What is OCD?

Obsessive Compulsive Disorder is a mental health disorder which consists of recurring thoughts or images (obsessions) that are difficult to ignore and cause a great deal of distress for the OCD sufferer. The discomfort from these obsessions causes one to engage in rituals or repetitive behavior (compulsions) to find relief. While it is common for people to take measures to avoid certain thoughts and feelings, people with OCD experience symptoms that cause significant distress and impairment.

 

Nature of OCD

When a person is triggered with an obsession they feel driven to perform a compulsion to reduce their anxiety.  Although this behavior is typically successful in reducing the anxiety initially; over time, the behavior actually reinforces the obsession and worsens the anxiety.  Consequently, this leads to more compulsions, more obsessions, and more anxiety. Obsessions in OCD vary widely from person to person but may include exaggerated fears of contamination, harming fears, sexually inappropriate thoughts, doubting, or religious fears.

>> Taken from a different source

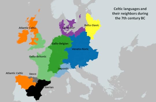 In the 7th century BCE, Celtic languages were spoken all over Europe. In the map, you can see the area of Transalpine Gaul, north of the Alps, spoke Lepontic. The Gaulish area on the Italian side of the Alps is called Cisalpine Gaul.

  • This disorder often manifests in childhood but it can also strike later in life.
  • It is usually a life-long disorder, but it can be managed.
  • There is often a great deal of self imposed shame surrounding the obsessions which cause people struggling with OCD to hide their symptoms from family, friends, coworkers as well as medical professionals often leading to a delay in diagnosis.
  • Individuals with OCD often experience times where the disorder is relatively quiescent and others when the obsessive thoughts are more intense.

 

OC Spectrum Disorders

Some disorders share traits with OCD and are often called “OC Spectrum Disorders”. Many therapists who treat OCD also have expertise in treating these additional disorders. OC Spectrum Disorders include Hair Pulling (Trichotillomania), Skin Picking, Body Dismorphic Disorder and Compulsive Hoarding.

 

What Causes OCD

No one knows for sure but evidence indicates that it is biologically based. Often more than one family member is diagnosed with OCD suggesting that a genetic component is a factor in the etiology of this neurobiological disorder. Sometimes OCD appears to strike at random without any familial component. Whatever the “cause” Obsessive Compulsive Disorder is a real medical condition.

 

OCD Responds to Treatment

OCD treatment has greatly improved in recent years.  A form of Cognitive-Behavioral Therapy (CBT) called Exposure and Response Prevention (ERP) has been researched extensively and is shown to be very effective. This form of therapy requires the person with OCD to confront his/her feared triggers, experience his/her unwanted thoughts and feelings that result, and resist the urge to engage in compulsions. Through repeated exposure, the OCD sufferer becomes more tolerant of unwanted thoughts and feelings and feels less of a need to avoid triggers.

Medication can also be helpful. Selective Serotonin Reuptake Inhibitors (SSRI’s) are the treatment of choice and work by balancing the serotonin in a person’s brain so that they experience less anxiety when triggered, and, in some cases, have fewer obsessions. The medication can be instrumental in successfully participating in Exposure and Response Prevention therapy.